Thoughts on Our Culture’s Treatment of Suicide and Mental Illness

Sometimes other people say it best. Today, a local politician talks candidly about his experience at a memorial service for a young man who committed suicide. Definitely worth a read. Here’s a small snapshot:

We are still a long way from a fool-proof medical treatment for depression, but we are even farther away from having the social and cultural understanding necessary to maximize the effectiveness of the treatments we have. For all the breakthroughs we’ve made in the field of mental health, too many of us still tend to believe that if a problem is in your head, it isn’t real.

Yet even the best treatment sometimes fails, and you wind up in a room filled with people each remembering the phone call they meant to make, the e-mail they were going to answer or the invitation they kept planning to extend. It’s unrealistic to believe any of that would have changed the outcome, but it is human to think so and may even spur us to be more thoughtful and attentive to others, at least for a time, and that’s something.

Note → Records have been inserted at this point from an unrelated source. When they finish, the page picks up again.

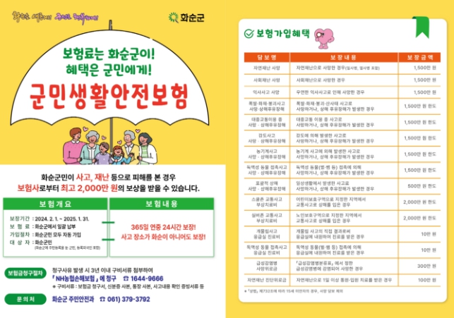 군민 생활안전 보험은 화순군에 주민등록이 된 군민(등록외국인 포함)은 누구나 혜택을 받을 수 있으며, 사고 발생 지역이 어디든 관계없이 타 보험에 가입하고 있어도 중복보장이 가능하다.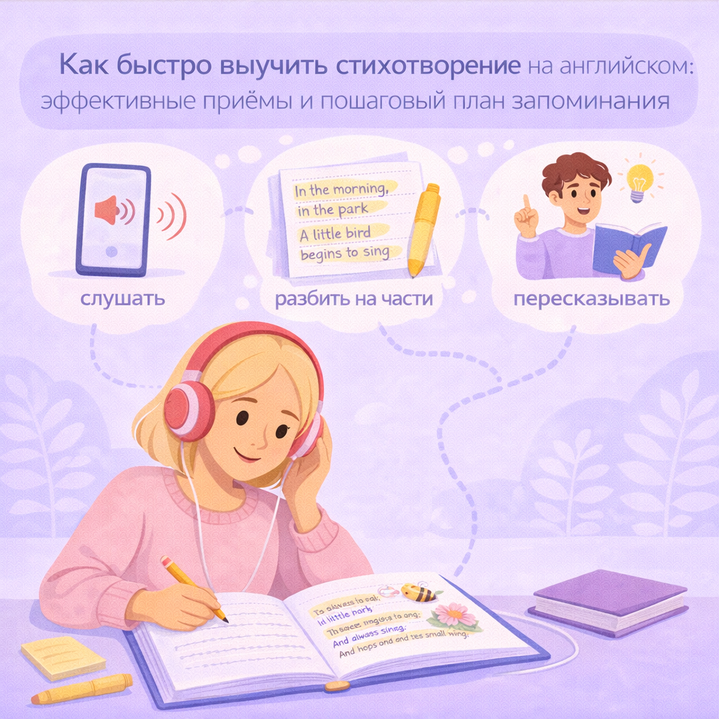 Изучение языка с помощью стихотворений – одна из современных методик освоения языка. Считается, что такой формат обучения прост и эффективен, потому как зарифмованные строки стихотворения легко запоминаются.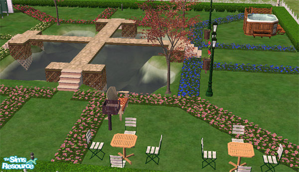 A beautiful flower garden for your sims to chill out in! There's BBQ, swings, a hottub and some toilets ofcause ;)You'll also find a lot of colourful flowers and a bridge over a little pond, Enjoy!

But when those left behind assume too great a burden of guilt, it compounds the suffering and distorts the reality of this terrible illness. By thinking we could have somehow deflected the fatal act, we are granting it a degree of consciousness and deliberation at variance with reality and empowering it with the further capacity to unfairly continue inflicting pain and injury on others. After all, no one blames the empty chambers in a pistol for not coming up in a fatal game of Russian Roulette.

Click here for the full story.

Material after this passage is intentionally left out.